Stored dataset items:
※

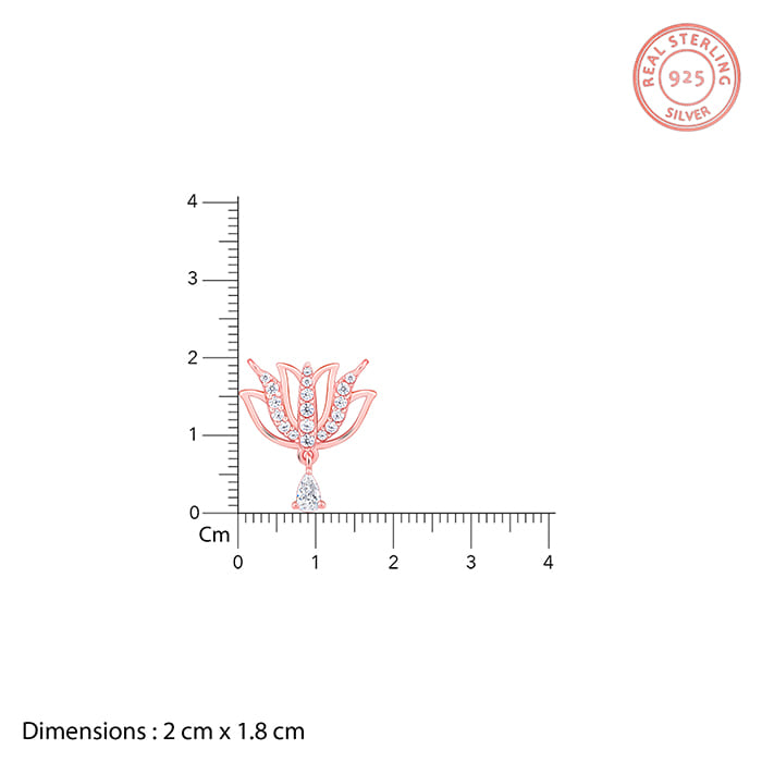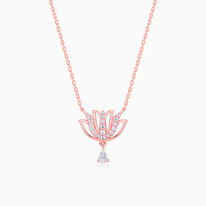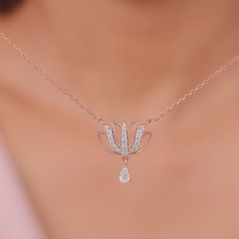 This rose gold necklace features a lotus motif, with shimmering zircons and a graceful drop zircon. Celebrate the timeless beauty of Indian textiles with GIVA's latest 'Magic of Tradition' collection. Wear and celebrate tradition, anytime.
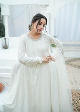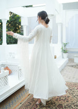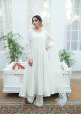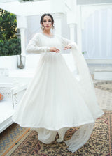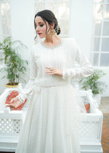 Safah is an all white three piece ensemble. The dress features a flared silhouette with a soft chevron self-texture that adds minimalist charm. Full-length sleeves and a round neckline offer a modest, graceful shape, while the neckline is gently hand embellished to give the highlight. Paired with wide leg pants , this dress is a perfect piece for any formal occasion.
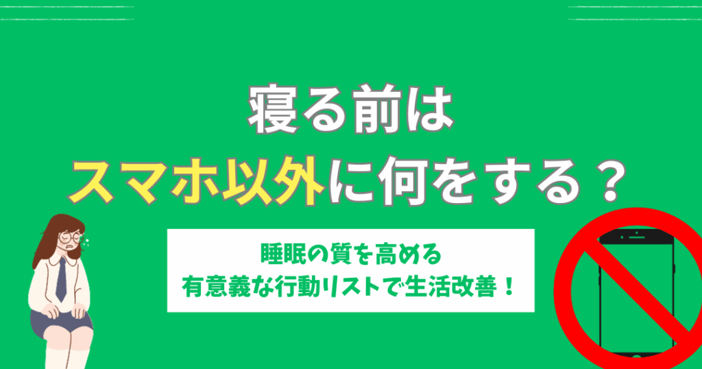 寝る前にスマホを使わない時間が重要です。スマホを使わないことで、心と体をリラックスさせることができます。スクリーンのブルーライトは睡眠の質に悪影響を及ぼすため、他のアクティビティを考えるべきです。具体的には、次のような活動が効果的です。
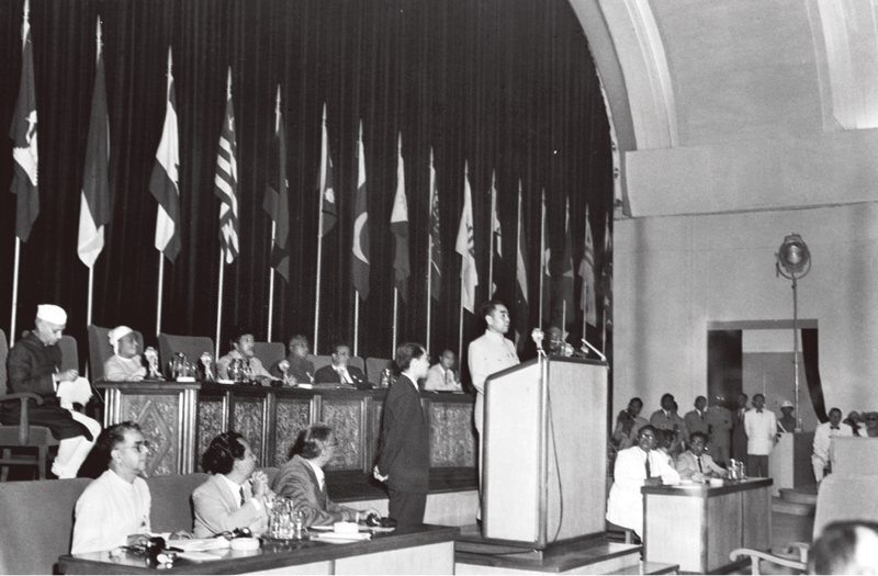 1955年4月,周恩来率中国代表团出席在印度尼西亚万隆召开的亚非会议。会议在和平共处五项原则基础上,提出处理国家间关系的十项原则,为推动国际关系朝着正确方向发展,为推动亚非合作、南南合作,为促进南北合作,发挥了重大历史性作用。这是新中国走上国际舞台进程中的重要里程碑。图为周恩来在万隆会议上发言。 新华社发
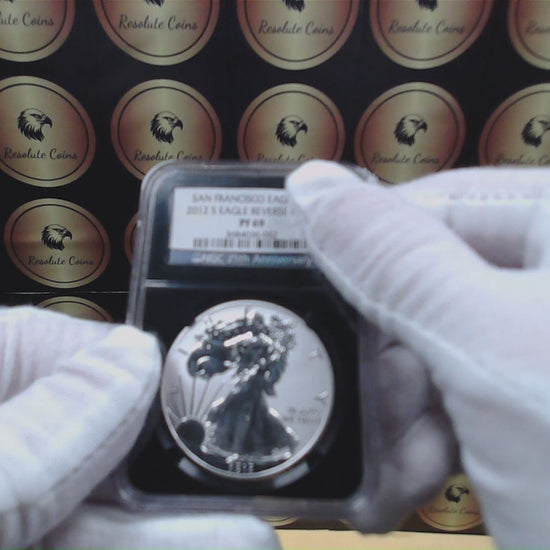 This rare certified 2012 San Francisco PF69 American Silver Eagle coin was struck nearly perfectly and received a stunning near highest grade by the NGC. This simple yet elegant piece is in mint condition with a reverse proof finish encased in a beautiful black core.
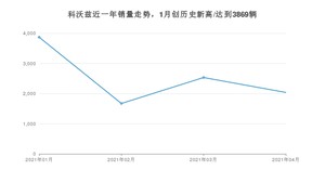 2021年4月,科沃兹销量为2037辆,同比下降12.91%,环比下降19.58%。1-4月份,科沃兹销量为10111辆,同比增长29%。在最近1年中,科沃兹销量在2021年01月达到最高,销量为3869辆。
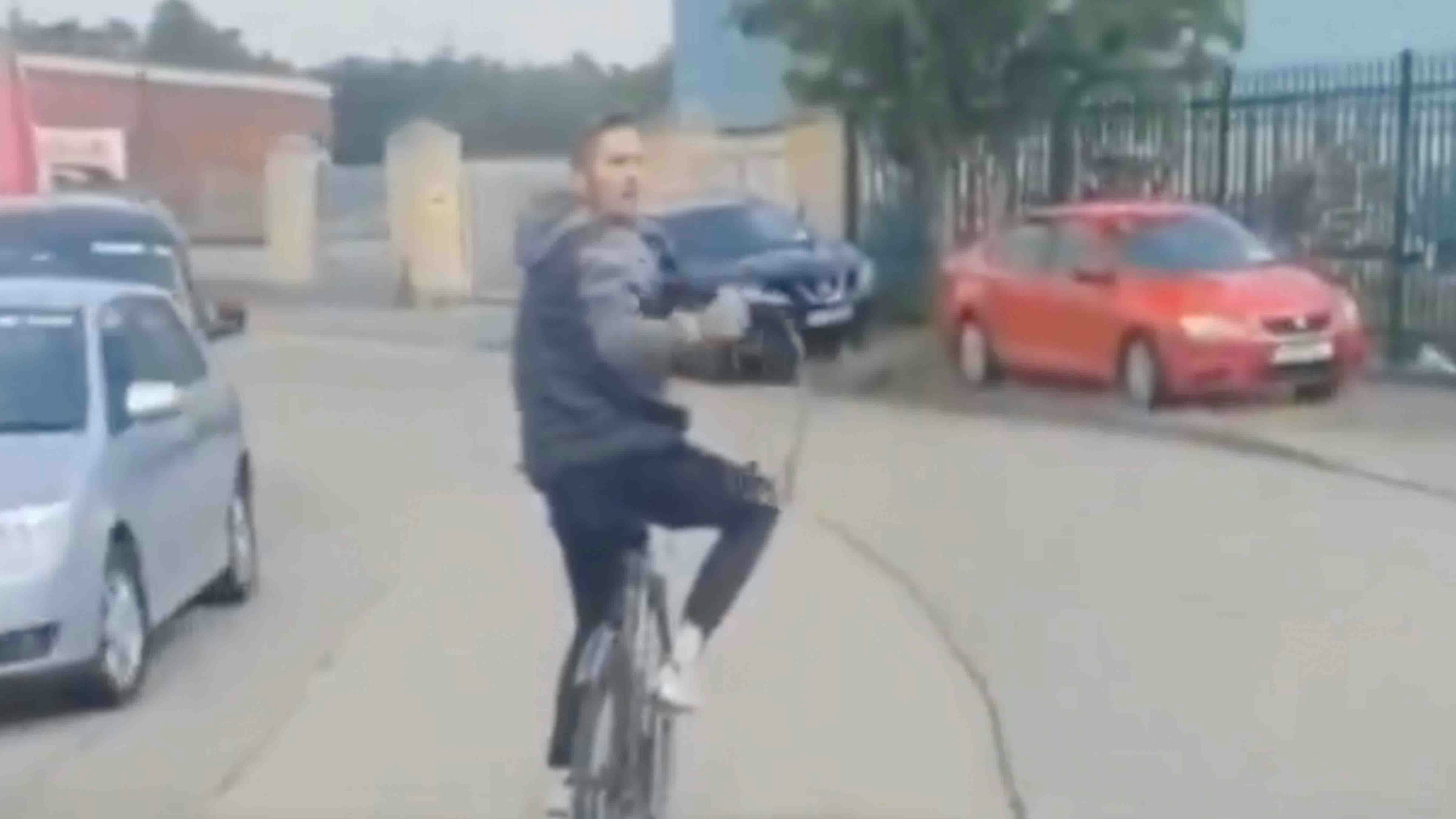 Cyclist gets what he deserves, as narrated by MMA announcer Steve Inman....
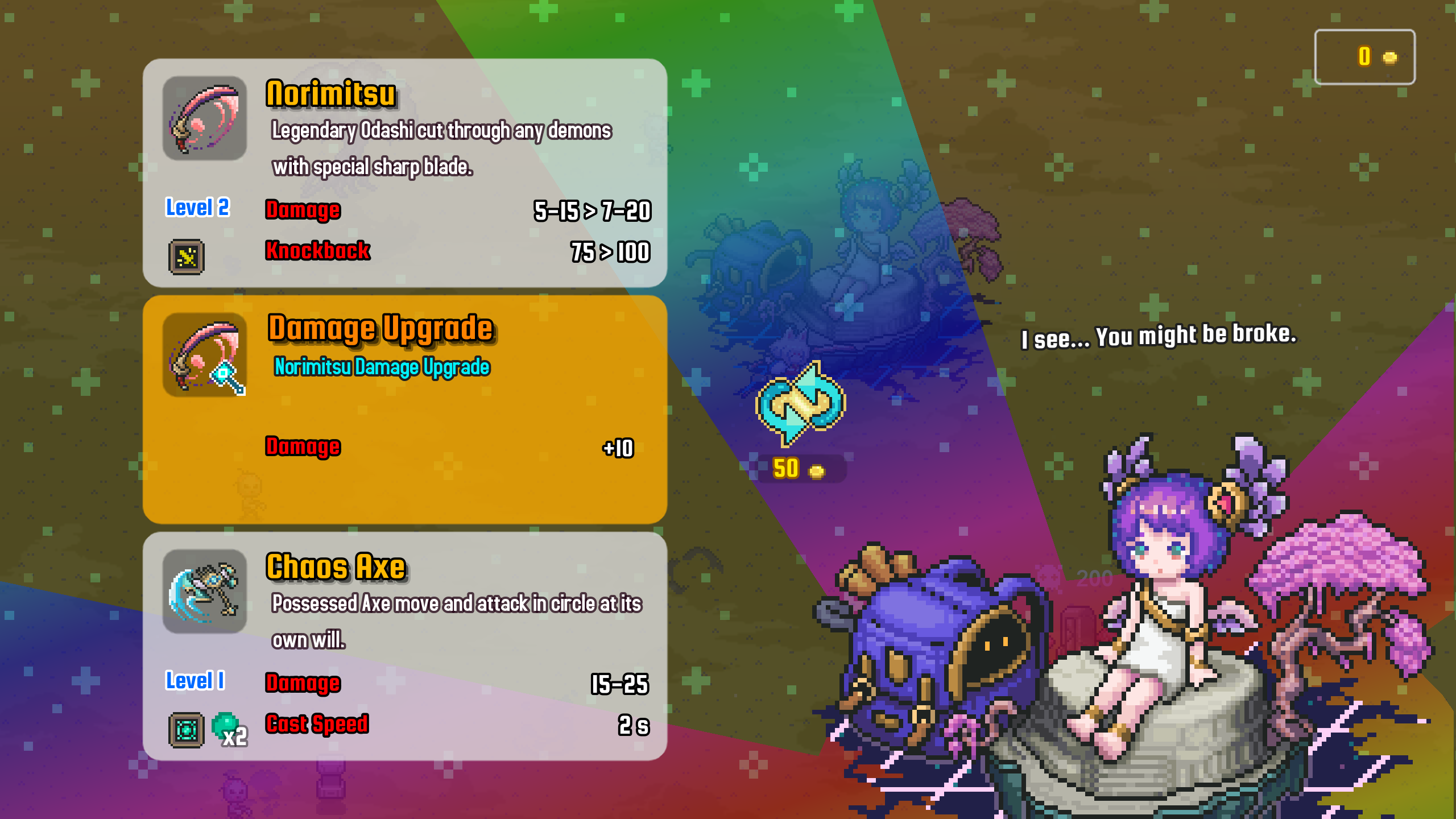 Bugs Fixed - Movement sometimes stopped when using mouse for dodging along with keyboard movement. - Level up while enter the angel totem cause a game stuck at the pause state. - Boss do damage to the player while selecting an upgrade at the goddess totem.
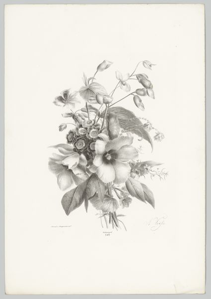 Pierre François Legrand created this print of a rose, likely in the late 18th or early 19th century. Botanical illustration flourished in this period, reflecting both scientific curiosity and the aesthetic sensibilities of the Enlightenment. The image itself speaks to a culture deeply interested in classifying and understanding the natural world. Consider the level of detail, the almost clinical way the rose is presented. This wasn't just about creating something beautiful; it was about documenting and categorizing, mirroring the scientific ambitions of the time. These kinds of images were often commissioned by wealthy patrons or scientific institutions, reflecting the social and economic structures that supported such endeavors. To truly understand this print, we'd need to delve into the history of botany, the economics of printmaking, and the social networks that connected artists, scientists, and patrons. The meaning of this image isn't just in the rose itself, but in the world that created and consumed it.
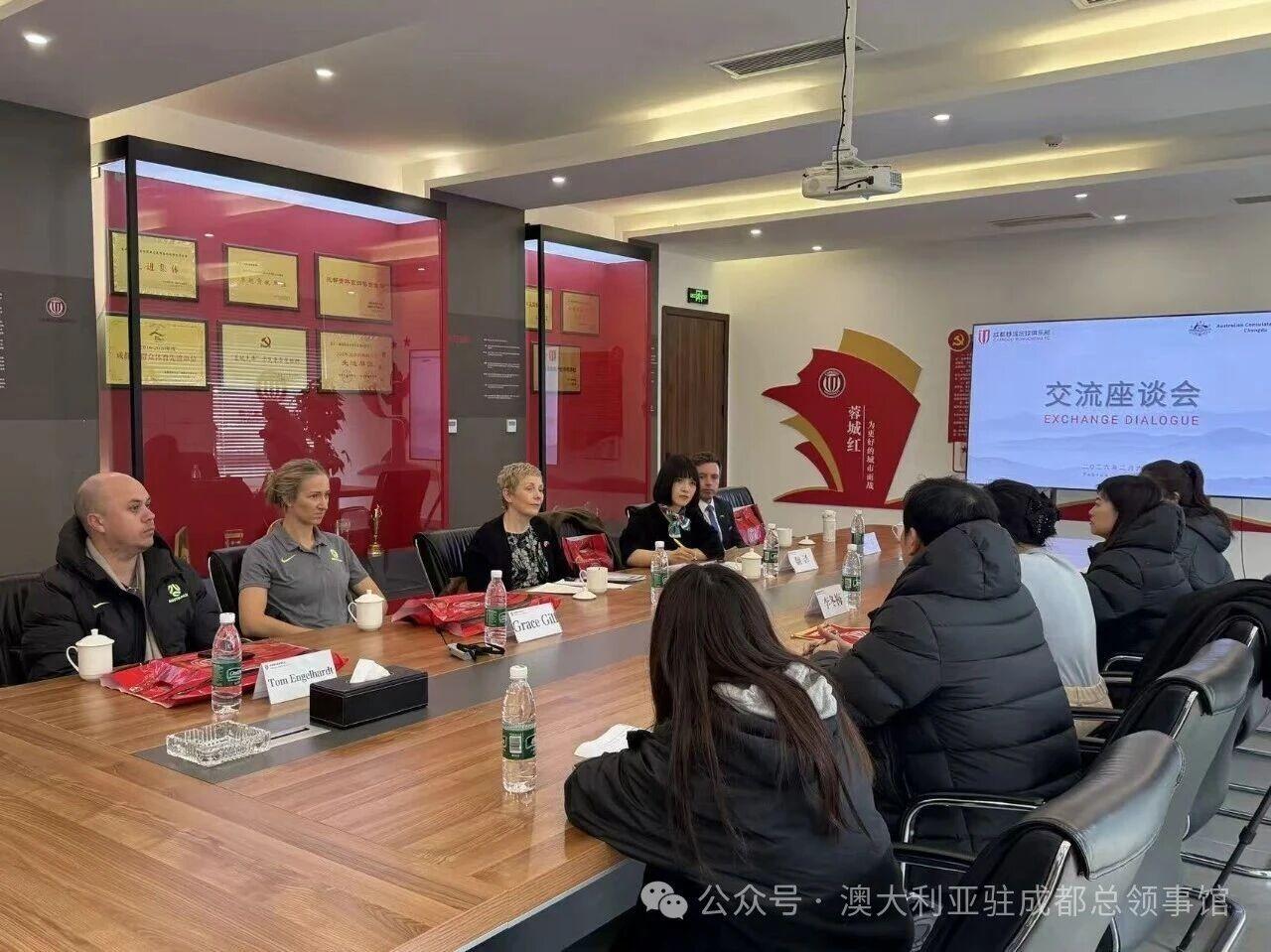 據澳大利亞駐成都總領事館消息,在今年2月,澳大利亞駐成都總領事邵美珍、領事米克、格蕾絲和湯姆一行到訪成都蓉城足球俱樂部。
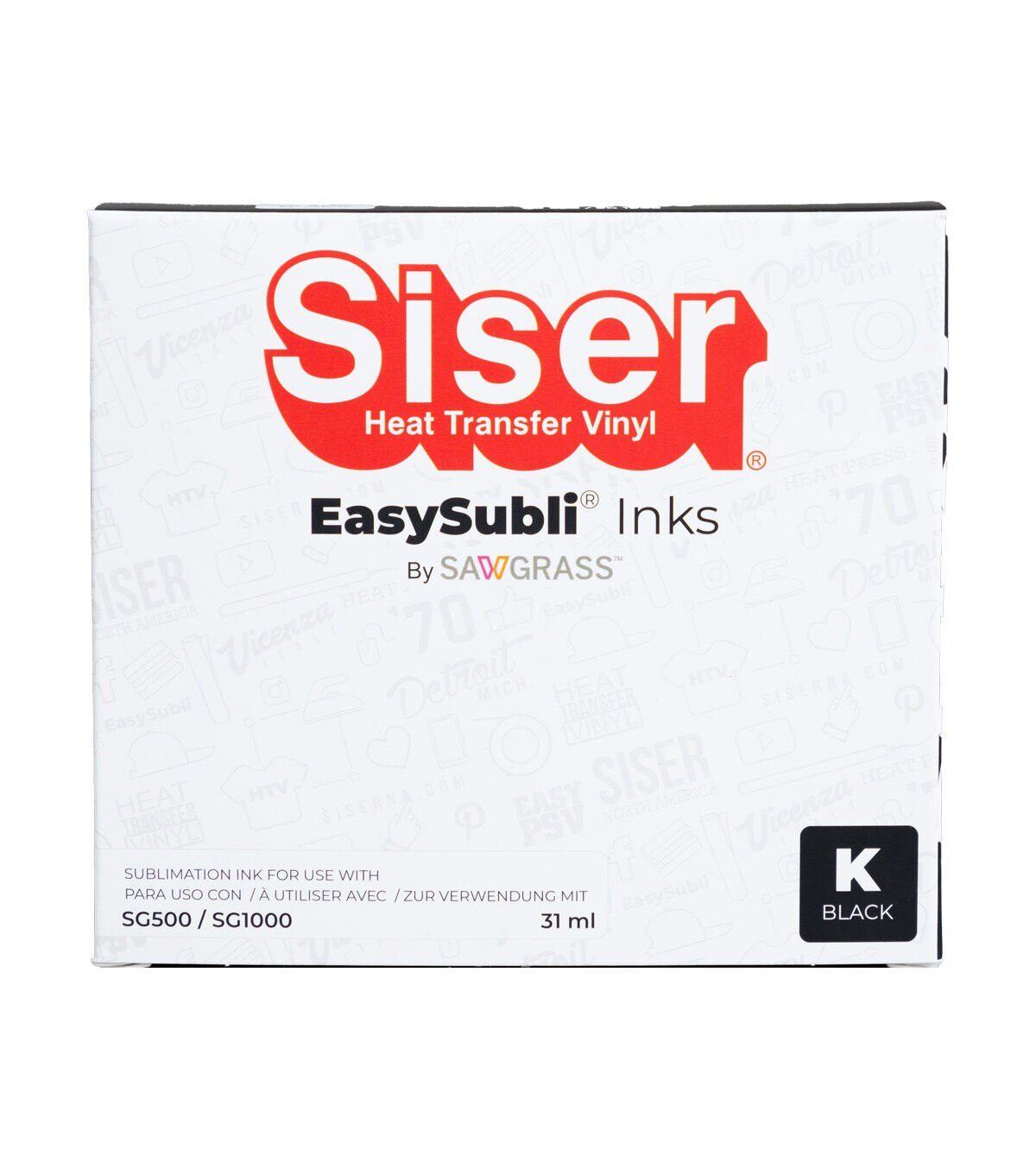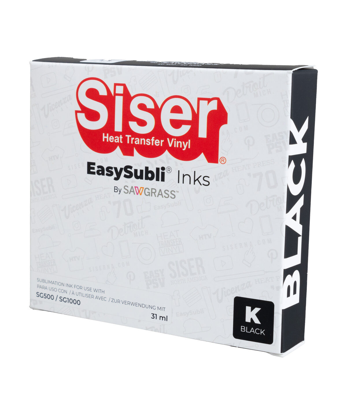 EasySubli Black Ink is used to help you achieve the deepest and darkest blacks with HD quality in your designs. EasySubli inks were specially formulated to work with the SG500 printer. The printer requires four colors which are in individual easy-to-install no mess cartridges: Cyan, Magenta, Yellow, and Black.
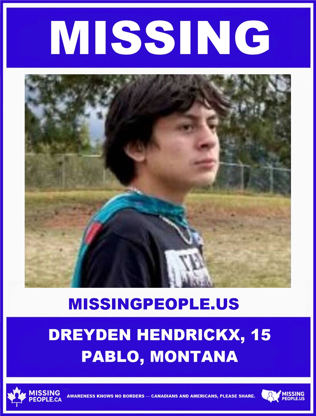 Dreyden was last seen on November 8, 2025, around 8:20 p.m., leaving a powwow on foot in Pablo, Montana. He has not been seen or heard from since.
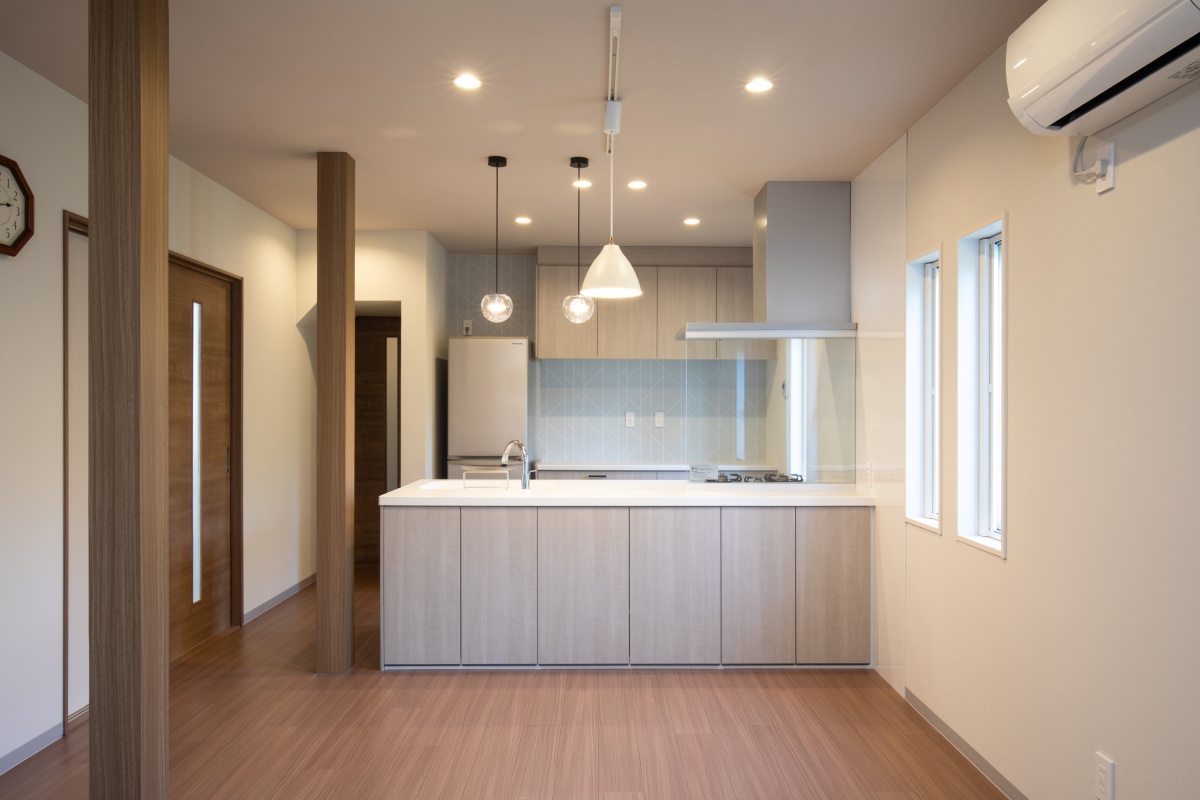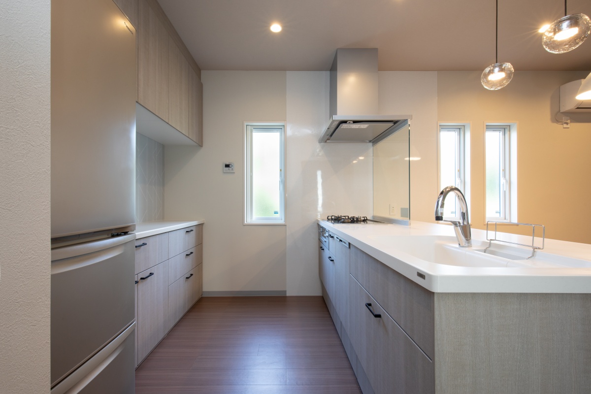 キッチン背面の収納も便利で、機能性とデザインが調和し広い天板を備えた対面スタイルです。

※

* [What is expected]:
Above are the records; copy exactly the lines from the one with "Cyclist gets what" through the one with "Bugs Fixed - Movement", including both, and nothing more. Leave out pictures.

* [Solution to this exercise]:
 Cyclist gets what he deserves, as narrated by MMA announcer Steve Inman....
 Bugs Fixed - Movement sometimes stopped when using mouse for dodging along with keyboard movement. - Level up while enter the angel totem cause a game stuck at the pause state. - Boss do damage to the player while selecting an upgrade at the goddess totem.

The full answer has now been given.